──────── Exercise material ────────

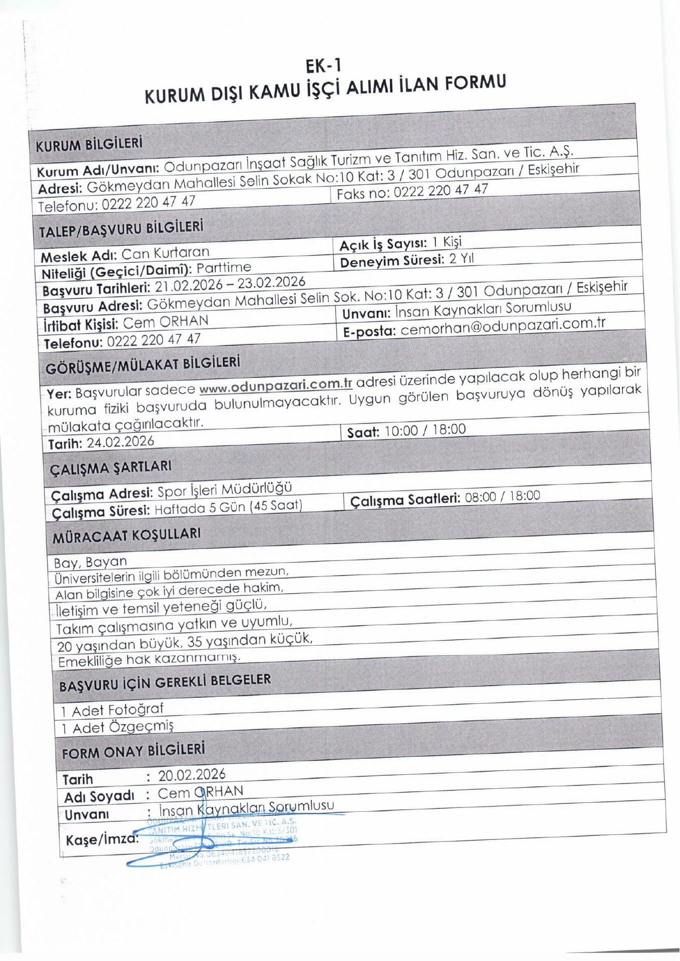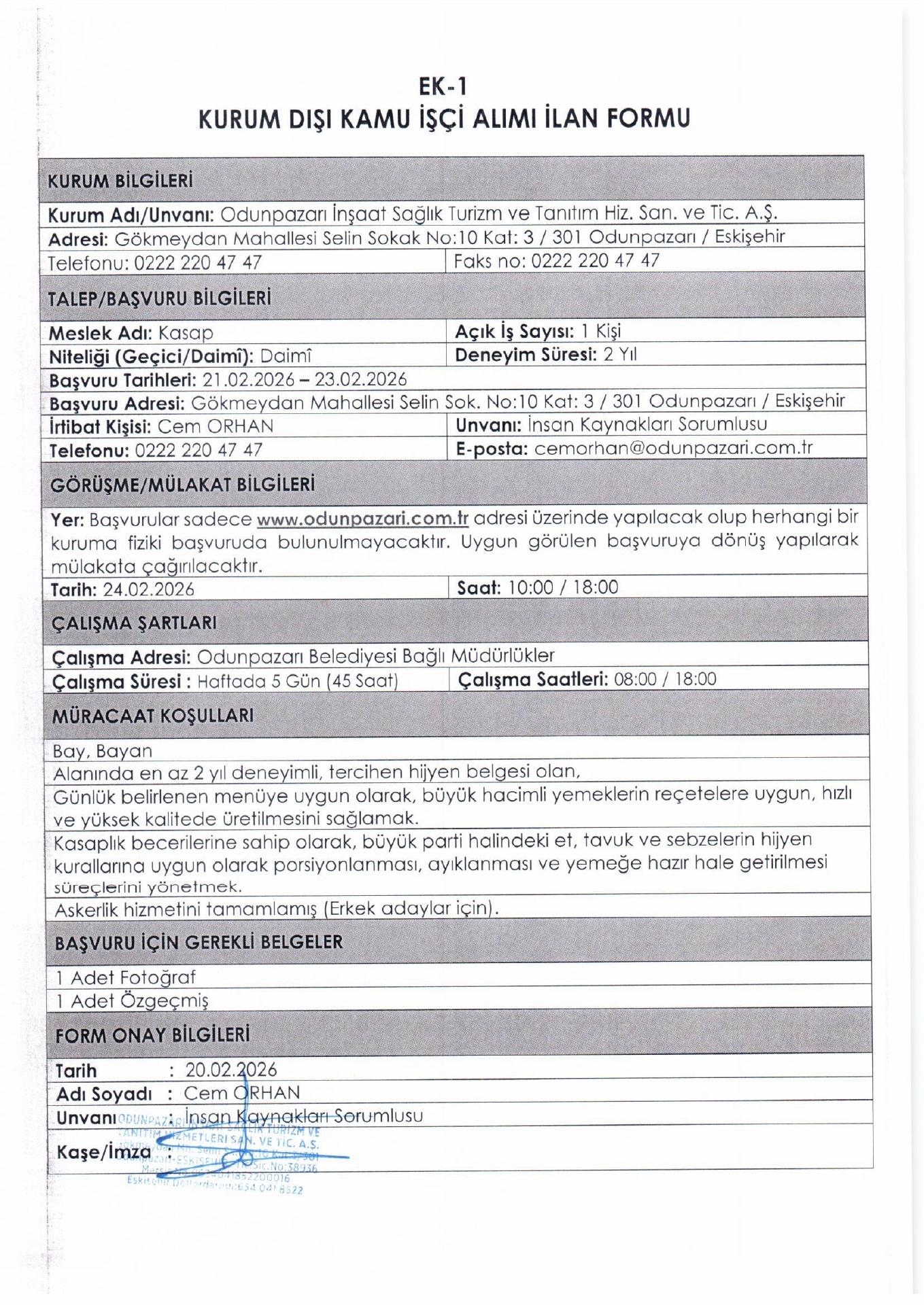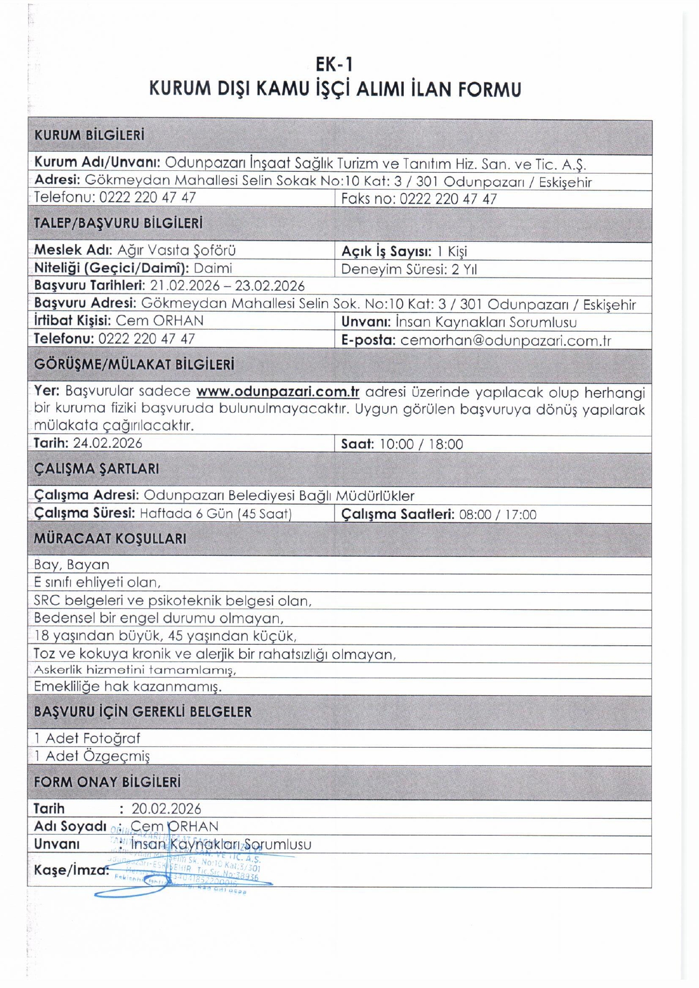 İlan Giriş : 21 Şubat 2026 00:03, Son Güncelleme : 21 Şubat 2026 02:44
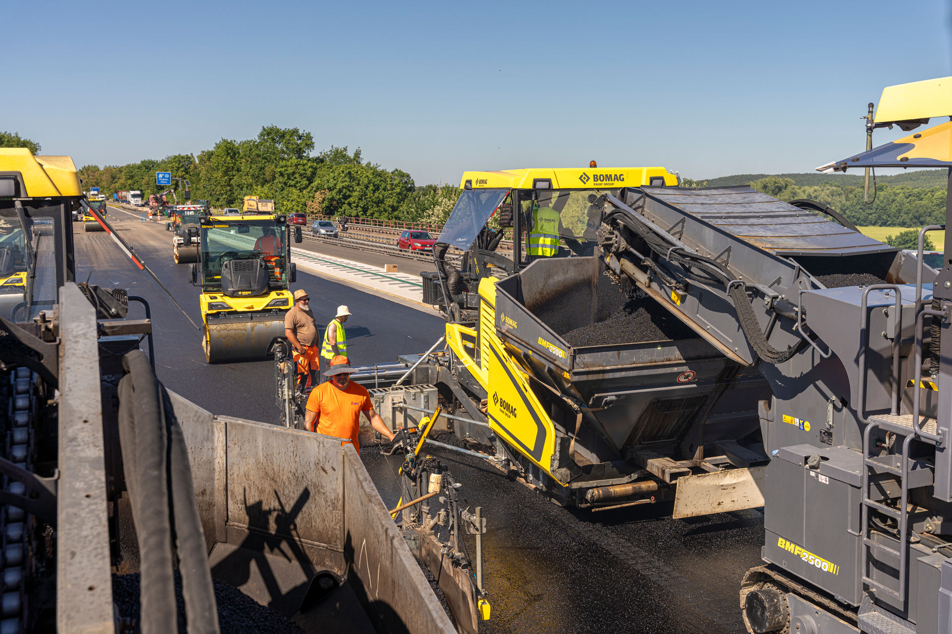 Das Mischgut wird von zwei BOMAG Großfertigern verarbeitet. Sie bilden das Herzstück der gelben Kolonne. Die Maschinen vom Typ BF 700 C-3 haben mit ihrem optimalen Verhältnis von Produktivität und Flexibilität alles, was man für einen qualitativ hochwertigen und zugleich effizienten Straßenbau braucht. Darüber hinaus bieten Sie – dank der perfekten Rundumsicht aus dem Fahrerstand – ein deutliches Plus an Sicherheit und Komfort.
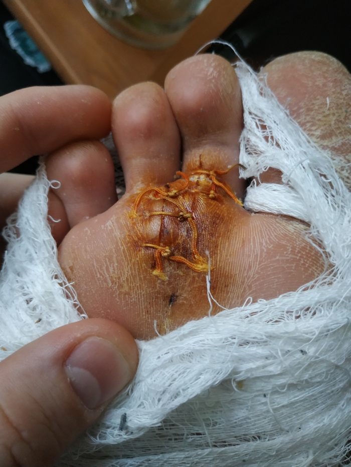Кстати, боль я чувствовал только когда делали обезболивающее(его несколько раз ещё кололи) и когда зашивали ногу(такое себе ощущение). Так что люди если что-то такое случается с вами - не бойтесь что вам там что-то резать будут. Лучше уж сейчас потерпеть, чем потом мучиться
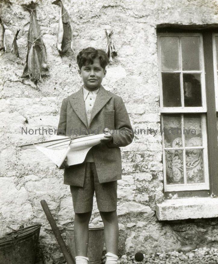 Boy (Master Hoare) - with toy fishing boat in front of whitewashed cottage, with fish drying on wall
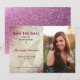 Annoncez votre grand jour avec élégance et éclat en utilisant cette carte de sauvegarde Quinceañera. Le côté gauche présente un papillon doré scintillant sur un fond rose blush et à effet pailleté avec une calligraphie moderne en bordeaux et noir. Le côté droit comprend une photo personnelle de la fille qui fête son anniversaire, ajoutant une touche sincère et élégante. Entièrement personnalisable avec votre nom, date et détails, ce design est parfait pour une célébration des 15 ans de rêve, glamour et mémorable.
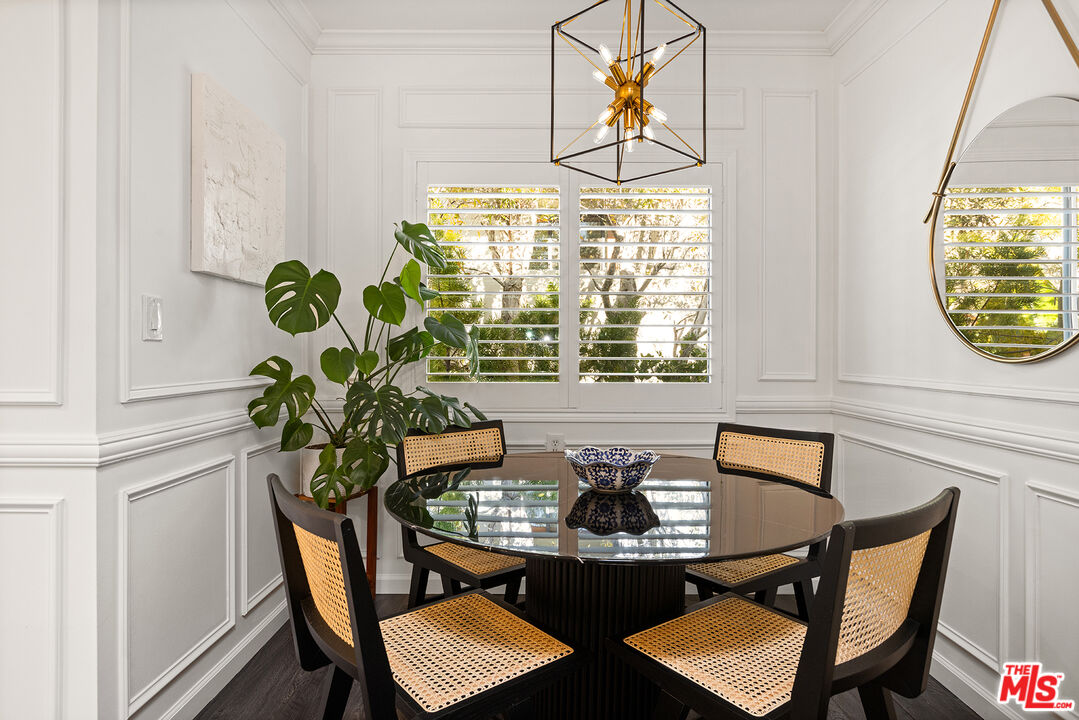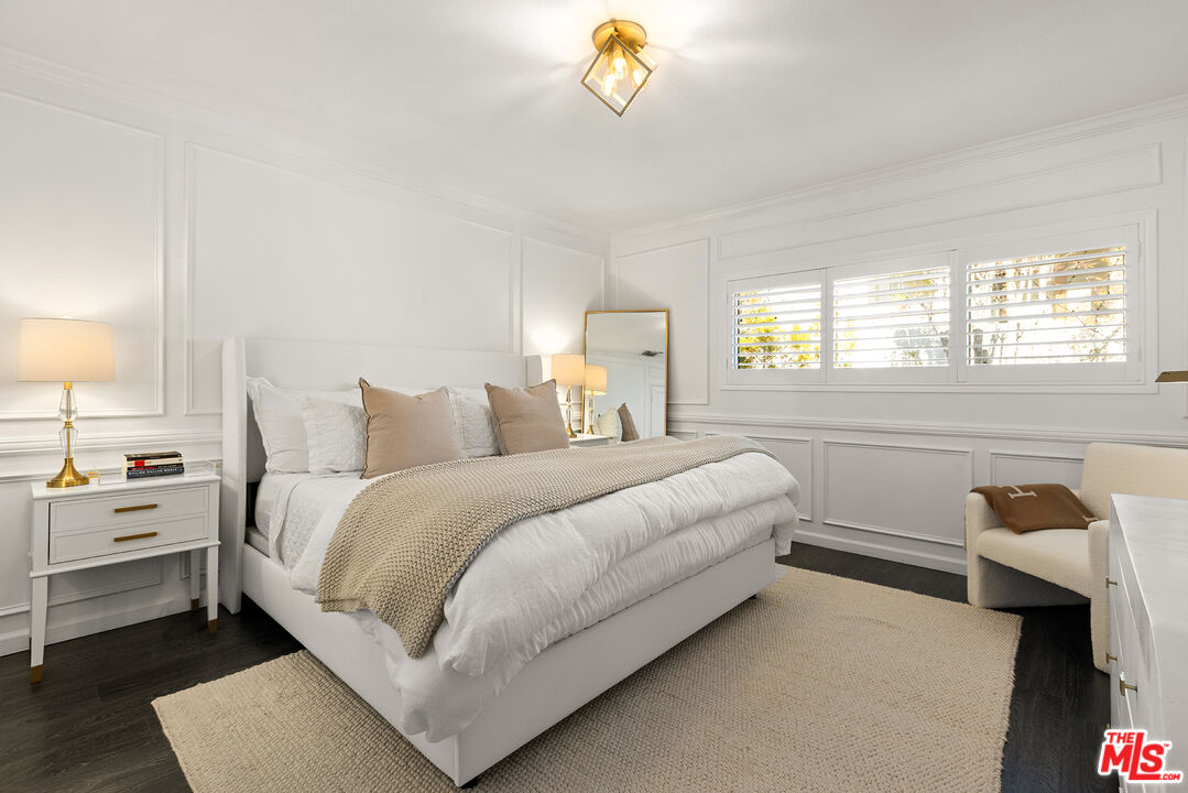 Prime Montana neighborhood location! Top-floor remodeled 2-bedroom, 2-bathroom condo located 1/2 block from Montana Avenue's shops & restaurants. Open living space features a balcony with serene treetop views. Updated kitchen is designed for entertaining with a large island that seats four, white cabinetry, sleek quartz countertops, GE appliances, skylight, and dining alcove. The primary bedroom offers a spacious walk-in closet & ensuite bathroom with skylight. The second bedroom features an expansive closet & is adjacent to a full bathroom with bathtub/shower. Features include in-unit laundry, central heating, central air conditioning, Nest thermostat, wall paneling, hardwood-look floors, window shutters, & custom designed California Closets. Charming six-unit building with one covered parking space & private storage units in parking area & balcony. Available now.

────────

** Task requirements **
Set down every entry above exactly as written. Leave out all pictures.

** Answer space **
 İlan Giriş : 21 Şubat 2026 00:03, Son Güncelleme : 21 Şubat 2026 02:44
 Das Mischgut wird von zwei BOMAG Großfertigern verarbeitet. Sie bilden das Herzstück der gelben Kolonne. Die Maschinen vom Typ BF 700 C-3 haben mit ihrem optimalen Verhältnis von Produktivität und Flexibilität alles, was man für einen qualitativ hochwertigen und zugleich effizienten Straßenbau braucht. Darüber hinaus bieten Sie – dank der perfekten Rundumsicht aus dem Fahrerstand – ein deutliches Plus an Sicherheit und Komfort.
Кстати, боль я чувствовал только когда делали обезболивающее(его несколько раз ещё кололи) и когда зашивали ногу(такое себе ощущение). Так что люди если что-то такое случается с вами - не бойтесь что вам там что-то резать будут. Лучше уж сейчас потерпеть, чем потом мучиться
 Boy (Master Hoare) - with toy fishing boat in front of whitewashed cottage, with fish drying on wall
 Annoncez votre grand jour avec élégance et éclat en utilisant cette carte de sauvegarde Quinceañera. Le côté gauche présente un papillon doré scintillant sur un fond rose blush et à effet pailleté avec une calligraphie moderne en bordeaux et noir. Le côté droit comprend une photo personnelle de la fille qui fête son anniversaire, ajoutant une touche sincère et élégante. Entièrement personnalisable avec votre nom, date et détails, ce design est parfait pour une célébration des 15 ans de rêve, glamour et mémorable.
 Prime Montana neighborhood location! Top-floor remodeled 2-bedroom, 2-bathroom condo located 1/2 block from Montana Avenue's shops & restaurants. Open living space features a balcony with serene treetop views. Updated kitchen is designed for entertaining with a large island that seats four, white cabinetry, sleek quartz countertops, GE appliances, skylight, and dining alcove. The primary bedroom offers a spacious walk-in closet & ensuite bathroom with skylight. The second bedroom features an expansive closet & is adjacent to a full bathroom with bathtub/shower. Features include in-unit laundry, central heating, central air conditioning, Nest thermostat, wall paneling, hardwood-look floors, window shutters, & custom designed California Closets. Charming six-unit building with one covered parking space & private storage units in parking area & balcony. Available now.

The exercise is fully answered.